We take a look at the pros and cons to help you decide.
There was a time when enterprises built data warehouses to store processed data that resided within their data centres. Their analytical insights were restricted to the data they gathered through traditional means. But in recent times, as social media and other digital infomediaries unleashed a tsunami of customer information, enterprises have had to find, store, and make sense of unstructured data. This has led to new approaches to acquiring, storing, and analysing data. Data lakes is one such approach that has been widely promoted by many technology providers as the ideal storage technology for the digital era.
The data lake advantage
Unlike a data warehouse, where data is mostly processed and stored in files and folders, data lakes allow the storage of data in all forms, whether it is structured, semi-structured or unstructured in a flat architecture. Data lakes are expected to help data scientists view and analyse data in a native format and should ideally replace data warehouses. One of the key advantages of building a data lake includes the convergence of all data sources, which could include logs, XML, sensor data, multimedia, and social data. With a combination of Hadoop and a variety of tools it’s also possible to accommodate high speed data and this can be integrated with historical data to get the best insights. A data lake has the ability to process large quantities of coherent data with deep learning algorithms to enable real time decision-making. In an ideal situation, a data lake should provide democratised access to data in a single, unified view across the organisation.
On paper, data lakes sound like the best alternative to data warehouses, as big data analysis is an eventuality that every enterprise has to cope with in an increasingly hyper-connected and highly data-driven digital universe. But it is not easy to implement data lake projects, as they are a radical departure from proven approaches to storage. Considering that data lake is a single container to which one can keep on adding all types of raw data, the sheer volume of data can get intimidating after a while. Going through the data with a fine tooth comb, separating the irrelevant from the relevant, and preparing the data for analysis can take up much of your data scientists valuable time, adding to your costs. The other issue with a data lake is your ability to store data in such a way that you can extract any piece of information needed with a query. That can be achieved by building metadata tags. Without that you run the risk of drowning in a data cesspool. The other argument against data lakes is that they tend to add to latency, as data often has to travel from the source to a different location where it gets analysed. Then there are costs associated with data lakes in terms of storage and processing power.

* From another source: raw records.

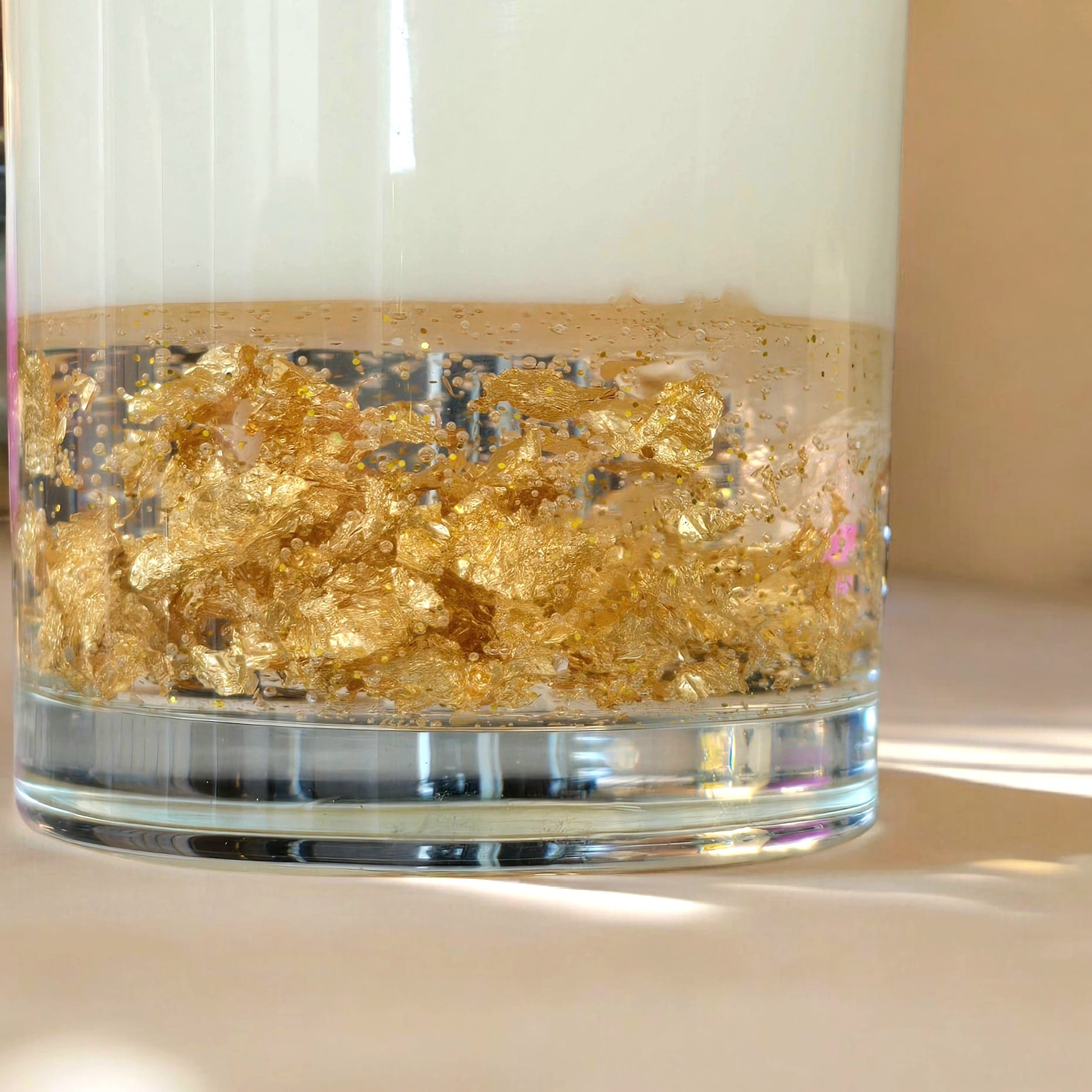 Handmade 100% Soy Wax candle with a warm vanilla scent. The lower layer is transparent golden gel, symbolizing abundance, richness and flowing energy. Created to attract prosperity, warmth and a feeling of fullness in life.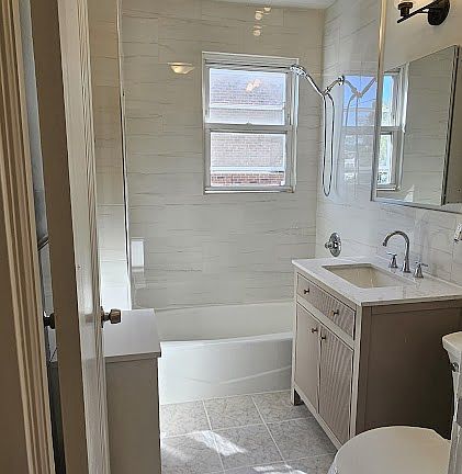 Welcome Home! - Beautiful large (2) two bedrooms (1) one full bath, with parking for one (1) car. Updates consist of a new eat in kitchen, w/ quartz counter tops, back splash, microwave, stainless steel appliances. gorgeous floors, and fresh paint throughout, new bathroom, plumbing, and electrical. Additional storage included in the basement.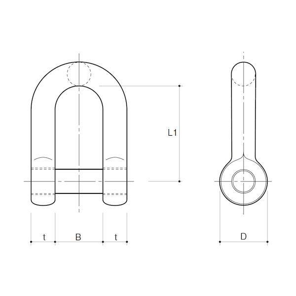 ふじわらアイオウルメーカーお問い合わせ:06-6976-3201【商品説明】●特徴:マイナスドライバーを使用して開閉するタイプの鉄製シャックルです。ねじシャックルのピンの出っ張り(摘む部分)がないので、ロープなどがひっかかりません。●材質:鉄(ユニクロ)●質量(g):1120●t(mm):22●B(mm):44●D(mm):44●L1(mm):86●使用荷重(kg):1500鎖 連結金具 連結部材 チェーンパーツ チェーンポール チェーンスタンド ポール 駐車場 パーキング 金具 金物 ジョイント DIY 部品 FUJIWARA アイオウル AIOULE フジ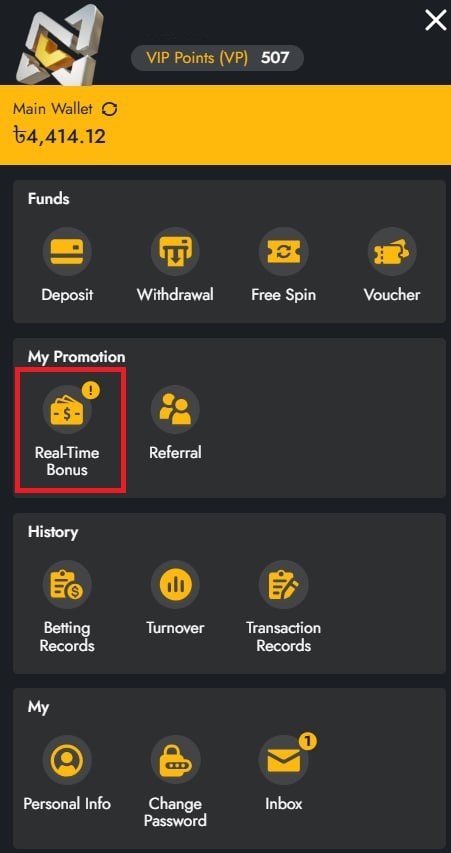 3. Click the main wallet tab and look for Real-Time Bonus Icon. Click to proceed.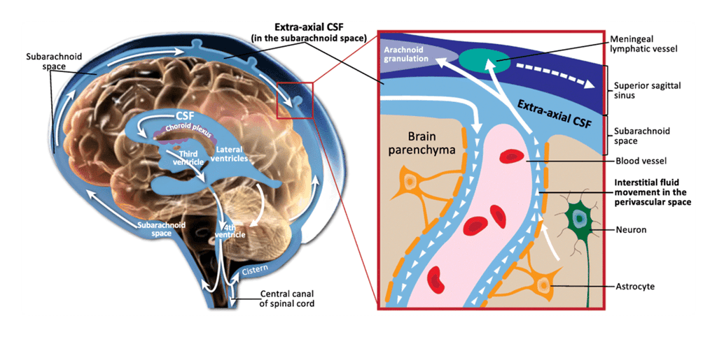 뇌척수액이 정체 되거나 압력이 높아지면 뇌의 혈류는 제한되고, 치매의 원인이 되는 베타 아밀로이드등의 노폐물이 쌓이며, 뉴런과 신경아교세포를 취약하게 만듭니다.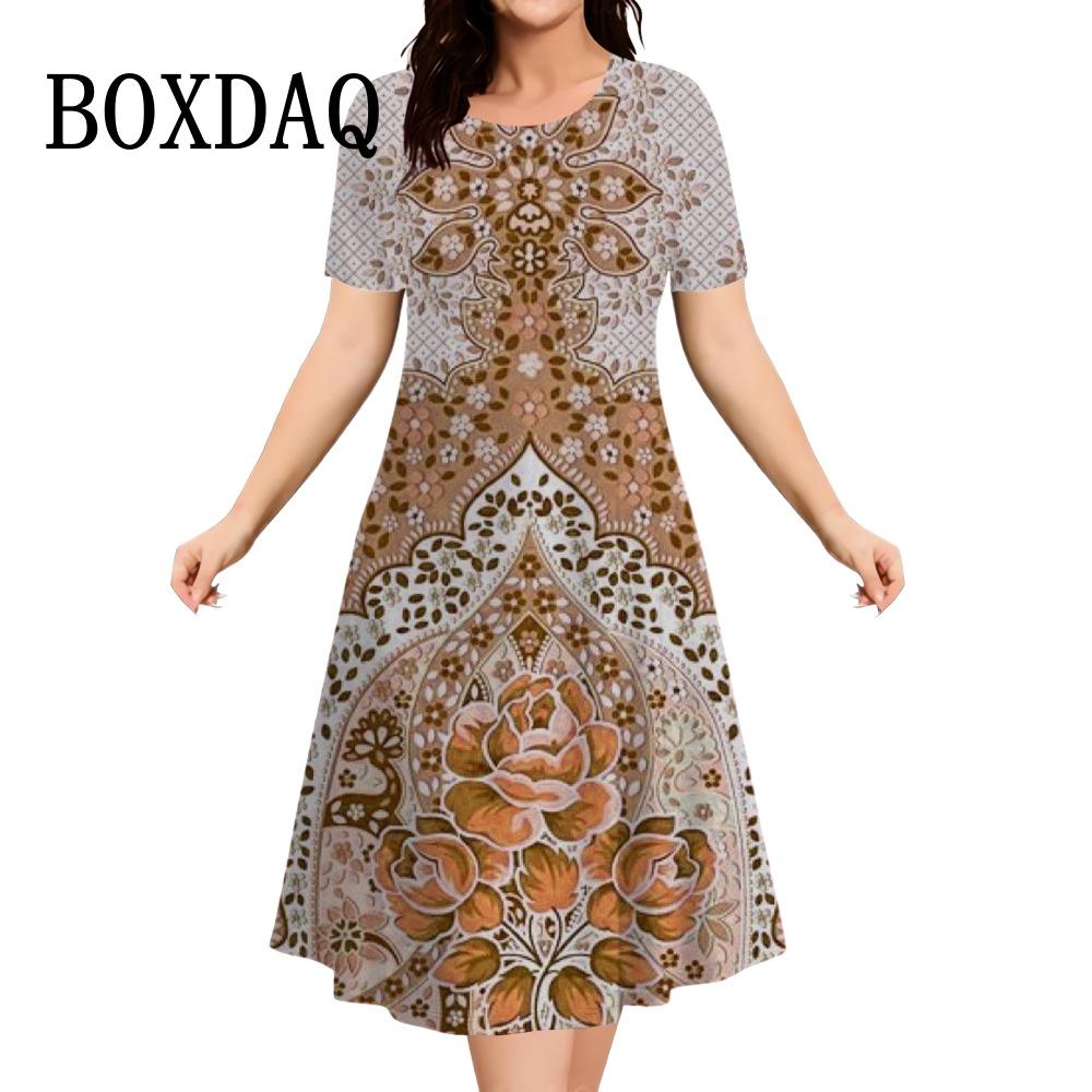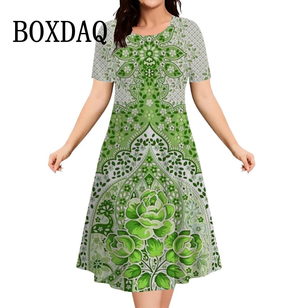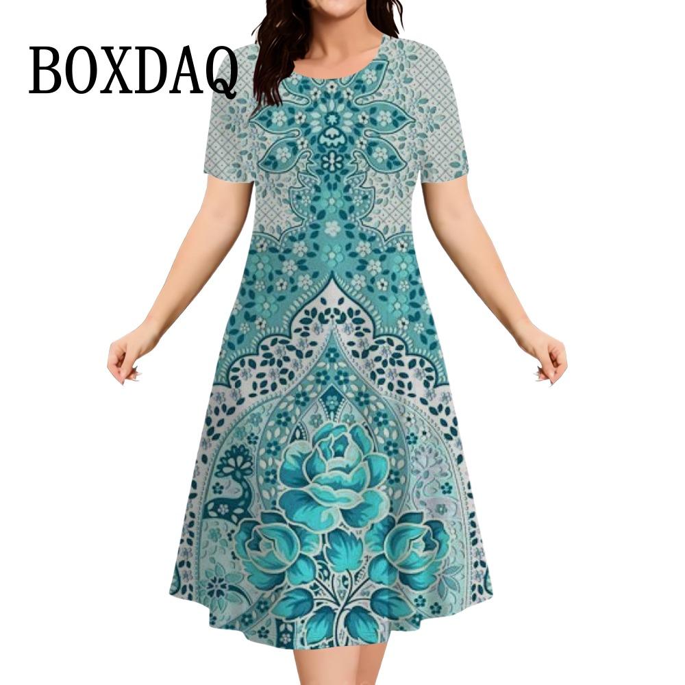 Синее женское платье с 3D-принтом и цветочным принтом больших размеров, летняя одежда, модное свободное платье А-силуэта с коротким рукавом, повседневные платья больших размеров

Points to consider before implementing a data lake
If your data is extremely complex and voluminous, and your traditional data warehouse and storage management solutions are unable to meet your needs, it might be worth your while to explore data lakes. However, in order to have a well-managed data lake it’s important you first have a plan that helps you extricate quality data out of the data lake in a cost effective manner. You should have a data governance framework that delivers your objectives in a non-hierarchical, flat approach. You also need to address information security concerns as you are clubbing data from multiple, external sources. Of course, there are storage engines and tools that facilitate data management in data lakes. But these come with their own limitations, with issues like ease of use, latency, security, and limitations in processing speeds. You’ll need to work around these.